Örneğin tanrı henüz çocukken, onu topraklarından kovduran Lycurgus adındaki bir kral, Dionysos’u yetiştiren Nymhpalar tarafından dağlardaki gerilimli kovalamacadan sonra vahşice öldürülür. Euripides’in MÖ 405 yılında yazdığı The Bacchae eserindeyse, annesinin şehri Thebai’de kral olan amcası Pentheus’a göre, tanrılığı şüpheli. Bu yaftalama üzerine, şehirdeki kadınları çıldırtarak dağlara çıkartır Dionysos. Yani maalesef her zaman gönüllü katılımcılardan oluşmuyor Maenadlarımız. İnançsızlığının bedelini ödeyen Pentheus, bizzat kendi annesi Agave tarafından katledilir.
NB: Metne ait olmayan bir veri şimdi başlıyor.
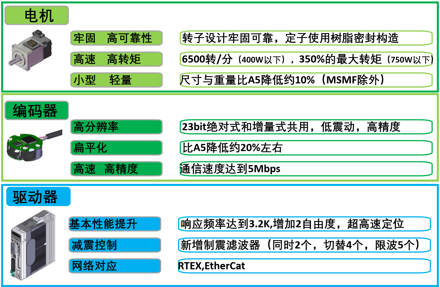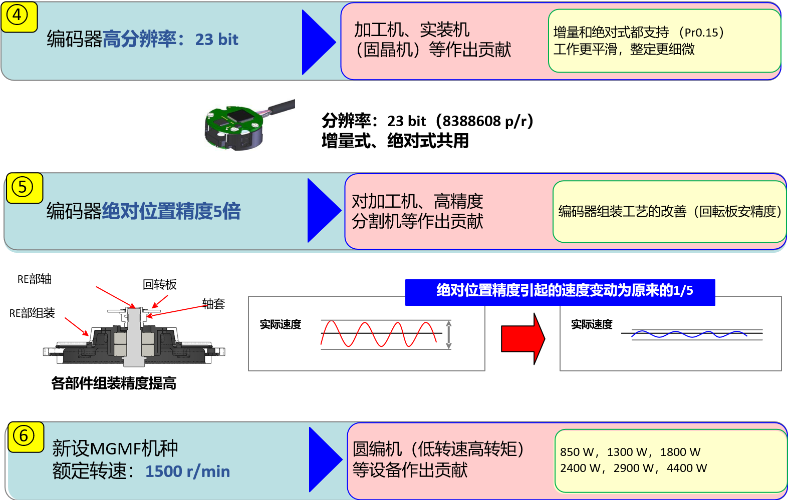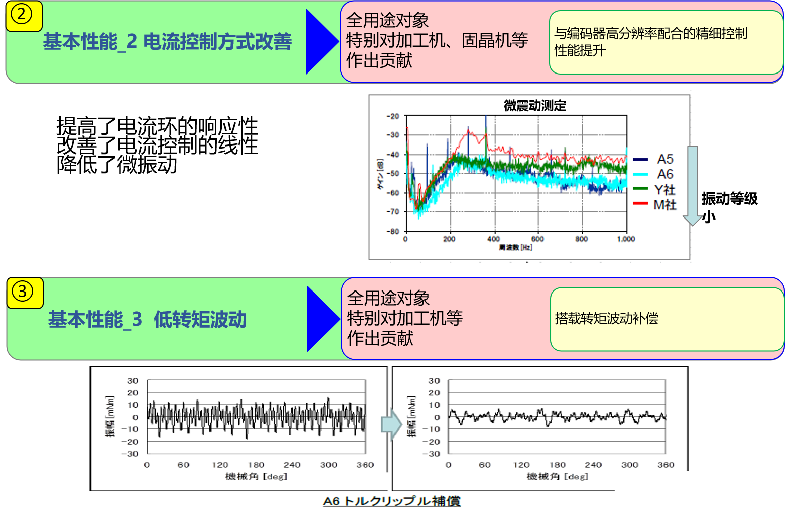 ①高分辨率:23bit絕對(duì)式和增量式共用,低震動(dòng),高精度
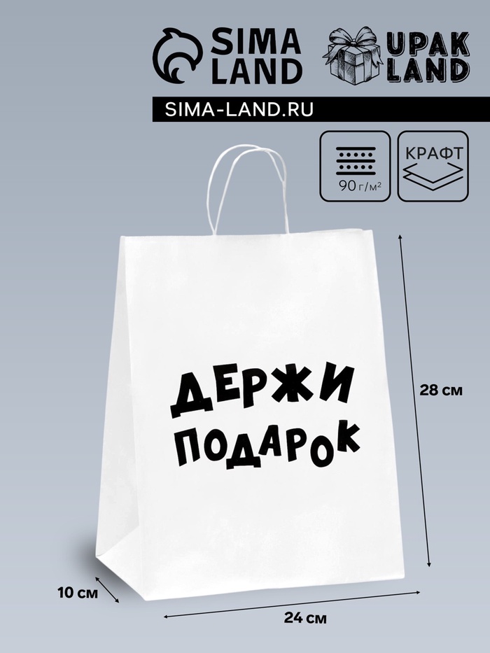 Пакет подарочный с приколами, крафт «Держи подарок», белый, 24×10×28 см
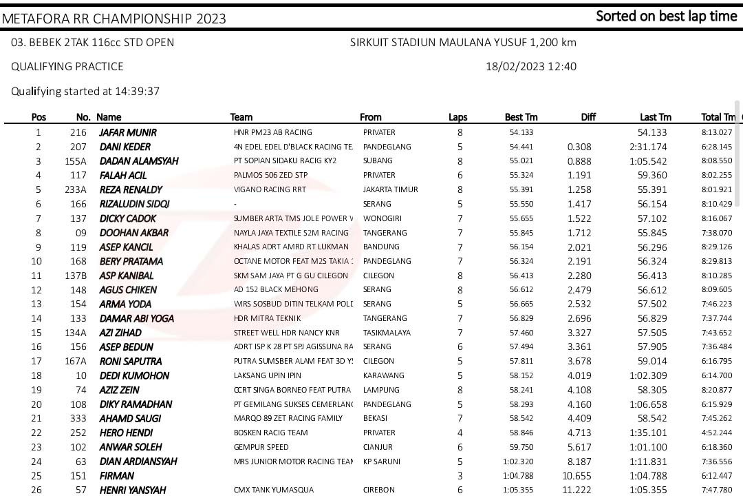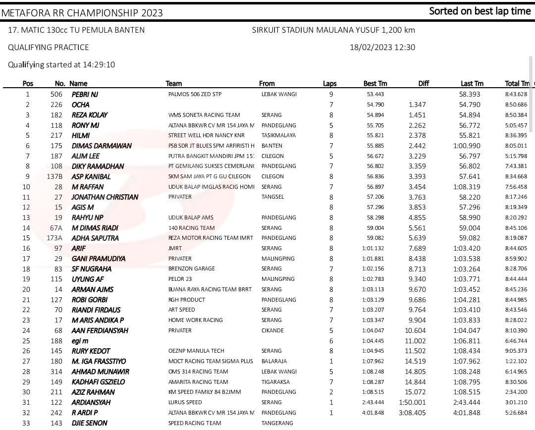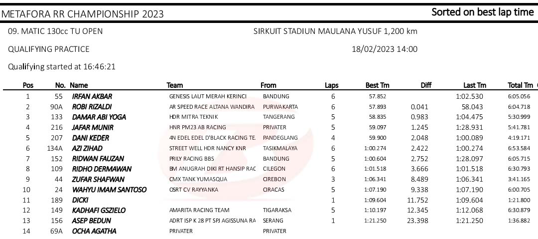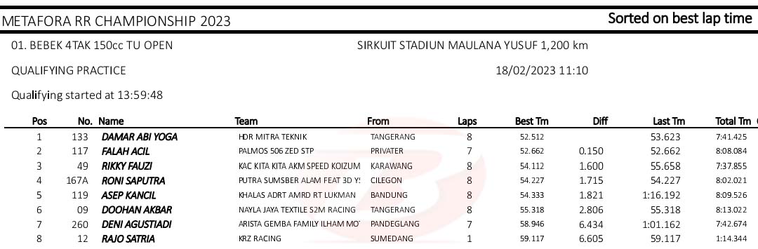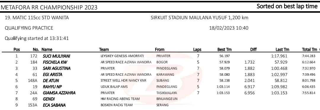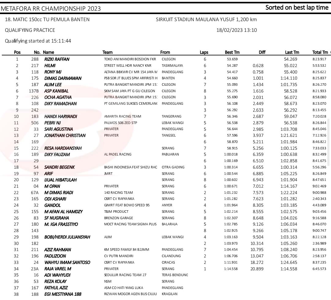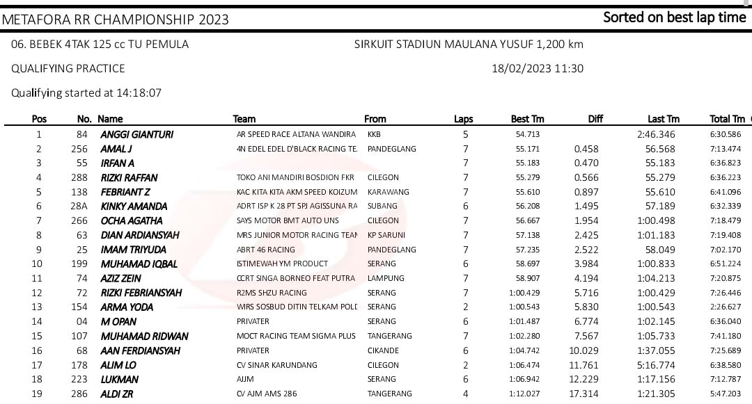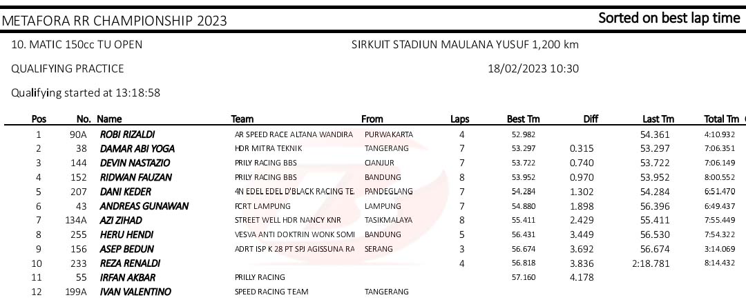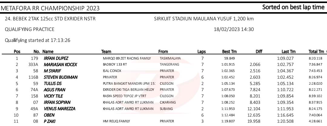 BalapMotor.Net – Berikut merupakan hasil kualifikasi kejuaraan balap motor Metafora Road Race Championship 2023 yang berlangsung di sirkuit NP. Stadion Maulana Yusuf, Serang, Banten pada Sabtu 18 Februari 2023. (*)

Yanlış zamanda yanlış yerde bulunan zavallı şair Orpheus da hazin sonundan kaçamaz. Bu muazzam gücün kadınlara, tanrının kendisiyle bir oldukları için verildiğine inanılır.
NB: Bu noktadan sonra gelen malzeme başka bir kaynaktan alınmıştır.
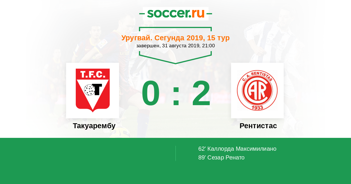 Протокол матча Такуарембу против Рентистас
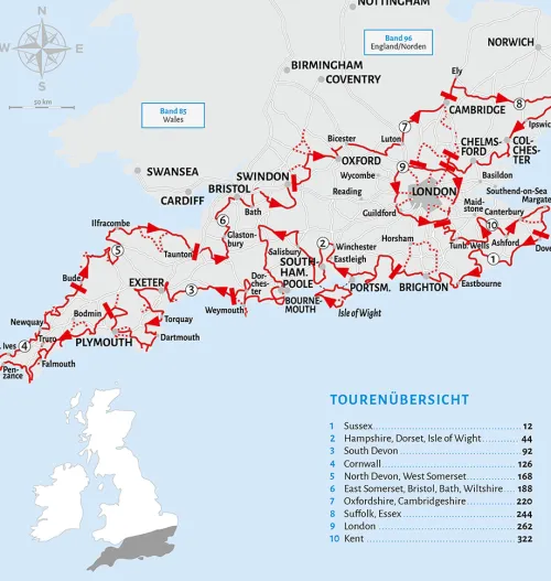 TourenkartenAuf rund 4000 km in 9 Touren zu allen großen Attraktionen und weniger bekannten Orten reisen. Genaue Markierung freier Stell-, Bade-, Picknick-, Wander- und Campingplätze incl. Ausstattung. Einzeichnung von Museen, Burgen, Herrenhäusern, Kirchen uvm. Natur erleben, wandernWandern auf den Küstenpfaden Cornwalls, spazieren auf stillen Wegen im Landesinneren oder die großartigen englischen Gärten erkunden. Naturreservate, Wälder, Rhododendronhaine, Moore und Schilfgürtel erforschen. Dabei nach seltenen Vögeln und Robben Ausschau halten. Kulturschätze, StädteHerrschaftssitze des englischen Landadels, Burgenrelikte aus der Zeit Heinrichs VIII. und quirlige Städte für jeden Geschmack, wie Brighton, Bristol, Bath und Norwich. Altehrwürdige Universitätssitze wie Oxford und Cambridge. Und natürlich London, eine der aufregendsten Metropolen der Welt. Wasser erleben, badenFelsküsten mit mediterran anmutenden, traumhaft schönen Buchten im Westen, von Sanddünen gesäumten Gezeiten-Strände im Osten und spektakuläre Kreidefelsen an Englands Südküste – beim Baden, Wassersport oder „Rockpooling“ findet jeder seinen Lieblingsort an der See. WOMO-ServiceWir vermerken über 300 Plätze zum bequemen Übernachten mit Anfahrtsbeschreibung und präzisen GPS-Koordinaten. Wo vorhanden führen wir die jeweiligen Ausstattungen wie z. B. Ver-/Entsorgung/WC etc. auf. Wir geben Hinweise zu Tagesparkplätzen in Städten, zu Sehenwürdigkeiten und Straßenzuständen.
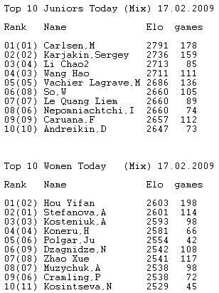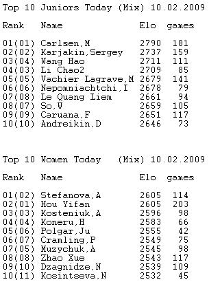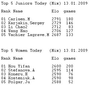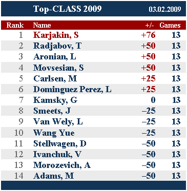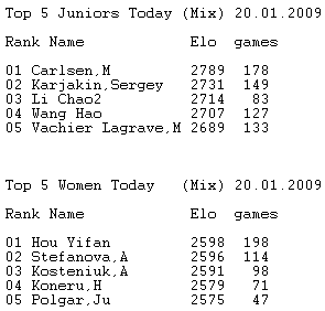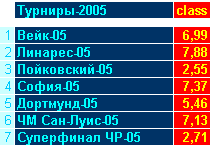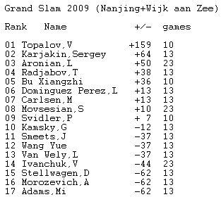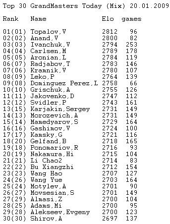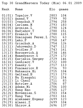 Текущий годовой перфоманс Топалова на 20 января = 2812 Elo, это пока лучший годовой пероманс за то недолгое время, что существует эта классификация.
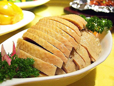 3. Cut the goose into 4 portions and place in a soup bowl. Use the original loquid and add boiling water at the ratio of 1 to 2 make a soup. Add the MSG and pour into the soup bowl with the goose in it to submerge the goose. Let it cool off.

Kadınların vahşet kombiniyse; salınık saçlar ve yalın ayak, üzerlerine attıkları leopar atkısı ya da kahverengi bir deri, başlarına asma yapraklarından taktıkları bir çelenk ve bazen yılandan ibaret. Bir de bir asanın ucuna kutsal kabul edilen çam kozalakları ve yine asma yaprakları yapıştırılarak oluşturulan, Thrysusları var tabii.
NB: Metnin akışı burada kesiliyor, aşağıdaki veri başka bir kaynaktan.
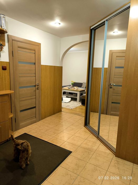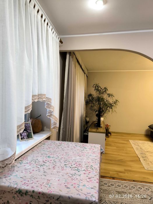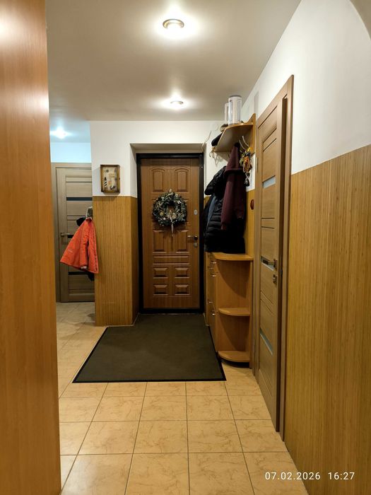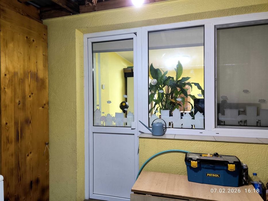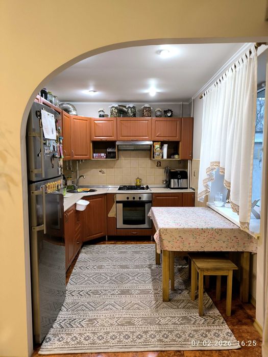 Близько року назад зроблено косметичний ремонт (перефарбовані стіни, замінено міжкімнатні двері). Перепланування змінено: кухню об'єднано з вітальнею, туалет з ванною.
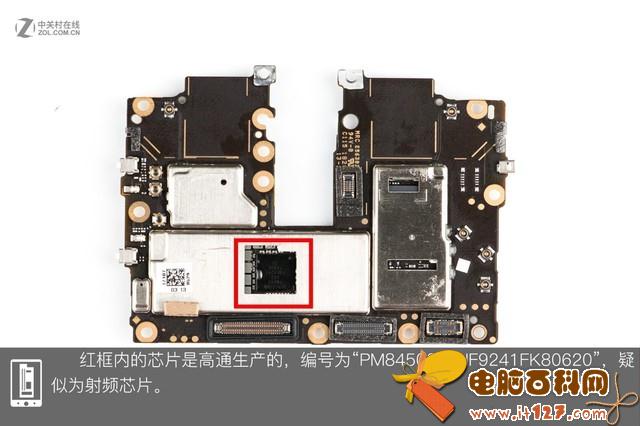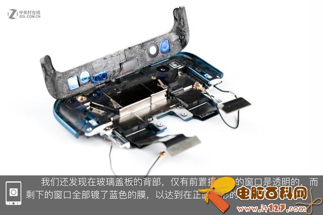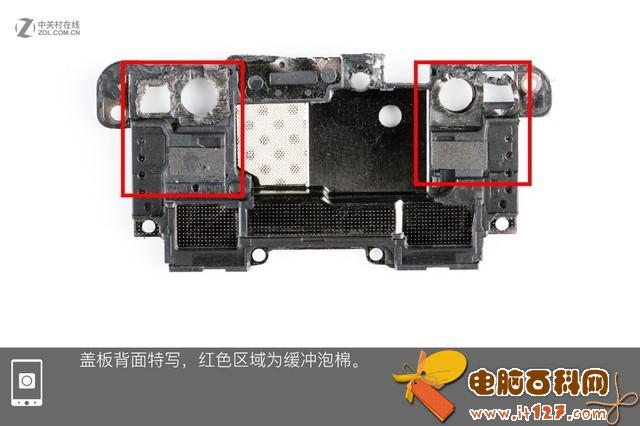 在玻璃后壳内部可以看出,底部和左侧边以及红框内点胶区域构成了一个闭环,可以保护内部元件。但在红框内双面胶区域的两侧,胶要少一些。随后我们会分析下这这片区域的防护。此外,我们可以看到背壳上有两大块泡棉用于缓存。
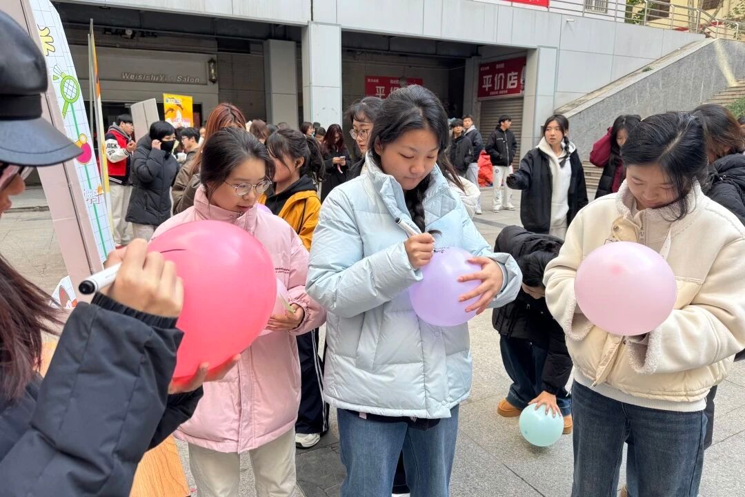 成为大家释放压力的“快乐驿站”。同学们拿起马克笔,将烦恼轻轻写在气球上,随着“3、2、1”的呼喊声,大家欢声笑语取代了焦虑愁绪;一旁的微笑打卡墙前,大家摆出搞怪又治愈的姿势,用镜头定格此刻的轻松与喜悦,让快乐在快门声中无限传递。
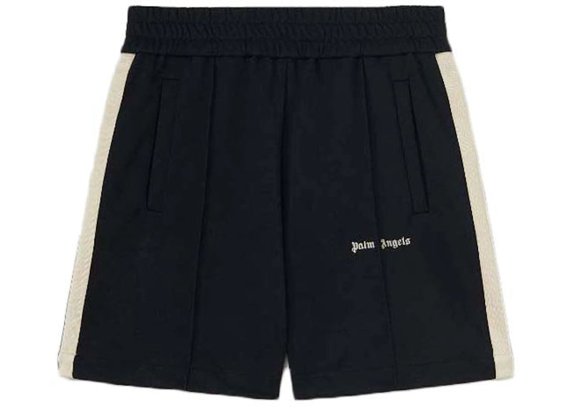 The Palm Angels Logo Track Shorts Black/Off White is now available at Side Kicks!
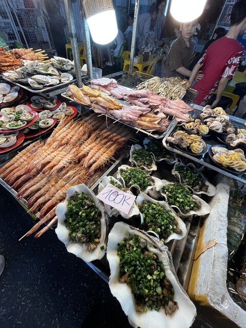 フーコック島の有名なナイトマーケットへ訪問。通りを歩いていると美味しそうなシーフードBBQ屋さんを発見。値札が置いてあって明朗会計そうだったため訪問。ウニとホタテのBBQ焼きを注文。ウニは日本のウニと...
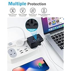 [Multi-Safety Design] The universal plug adaptor is made of high quality ABS and PC fire resistant materials and has built-in robust internal hardware to prevent electric shock. The worldwide travel adapter with RoHs, CE and other approvals has a smart IC chip with surge protection to ensure that you and your device are fully protected and safety equipment for child protection.
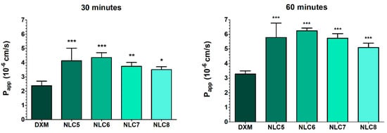 Considering the permeability (Papp) values after treatment, all NLC formulations showed higher values compared to the suspension (30 min: 2.4 ± 0.3 × 10−6 cm/s; 60 min: 3.3 ± 0.2 × 10−6 cm/s), which indicates a better penetration of the API using nano lipid compositions (Figure 10).

Anlatılarda doğa anadan beslenen ve kendileri de onun bir parçası olan kadınlar, kahramanvari umacılar tam olarak. Asalarının bir hareketiyle pınarlardan bal ve süt akıtırlar, ağaçları yarar ve kayalardan su fışkırtırlar. Yılanlara sarılır, yavru hayvanları bebekleri yerine koyup emzirirler. Ağaçları köklemek ve vahşi boğaları çıplak ellerle parçalamak, yorucu bile sayılmaz onlar için.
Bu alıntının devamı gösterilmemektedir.